Final salary pension deficit of biggest listed firms in UK 'hits £137bn'

Trader points to screen displaying record high for FTSE 100 on 3 January 2017
The FTSE 100 ended 2016 at an all-time high. Photograph: Daniel Leal-Olivas/AFP/Getty Images

The combined final salary pension deficit of the UK’s 350 largest listed companies more than trebled to reach £137bn in 2016, despite the stock market ending the year on a high, according to a leading consultancy.

The retirement consultancy Mercer said a sharp fall in corporate bond yields and higher inflation expectations had both hit schemes. It found that the combined accounting deficit of FTSE 350 company schemes rose to £137bn on 30 December, even though the FTSE 100 index ended the year at an all-time high that day.

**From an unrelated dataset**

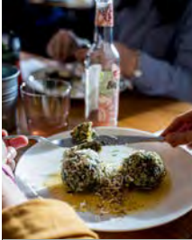
Stadtparkcafe Engelhardtstr. 20 stadtparkcafe.de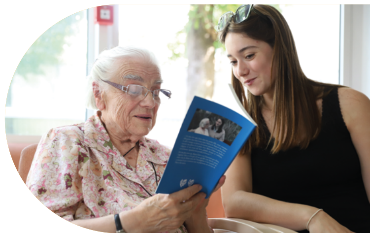
Chaque Histoire Compte Vraiment - ©CHCV

L'« Opérabus » créé par l'ensemble baroque Harmonia Sacra de Valenciennes apporte une réponse concrète aux problématiques de démocratisation culturelle et d'inclusion sociale par la culture. Pour favoriser le lien social et intergénérationnel, l'Opérabus donnera 72 représentations lors d'une tournée de 18 jours à la rencontre des résidents des EHPAD et foyers de la région Hauts-de-France. Un projet ouvert aux familles, aux personnels soignants ainsi qu'aux habitants.

At the end of December 2015 the corresponding deficit was £39bn.

Alan Baker, Mercer’s UK defined benefit risk leader, said: “After a very challenging year, pension deficits increased again and end the year more than three times higher than the end of 2015. This continues to put real pressure on any risk management plans, and will require trustees and corporate sponsors to work closely together.”

Strong investment returns and company pension contributions were offset by the market turmoilafter both the Brexit vote and Donald Trump’s surprise US election victory, which had a big impact on bond yields.

Overall, corporate bond yields fell by more than 100 basis points during 2016, increasing liabilities on companies’ balance sheets, said Mercer. Added to this, economists have warned that inflation is likely to rise sharply in 2017, to around 3%.

Le Roy van Zyl, a senior consultant at Mercer, said companies and pension scheme trustees faced “significant uncertainty”. He added: “Brexit is likely to move beyond a mere intention, and the effect of new leadership in the US will become clear – not to mention other major events, such the French presidential elections. If we look at how volatile conditions have been, and how volatile they may well continue to be, schemes will have to be responsive on a variety of issues.”

Mercer’s data relates to about 50% of all UK pension scheme liabilities and analyses pension deficits calculated using the approach companies have to adopt for their corporate accounts.

Shortly before Christmas, another pensions consultancy, Hymans Robertson, warned that 2017 would be a challenging year for the UK’s final salary schemes. It said many companies would be “even less willing” than before to divert money into their schemes to plug deficits, adding: “Rightly or wrongly, the focus of corporates will be on improving profitability, seeking growth opportunities and protecting earnings.”

Meanwhile, the International Longevity Centre UK thinktank recently said that while around half of all final salary schemes were now closed to new members, the number of retiring workers receiving a final salary pension would remain in the millions well into the latter half of this century.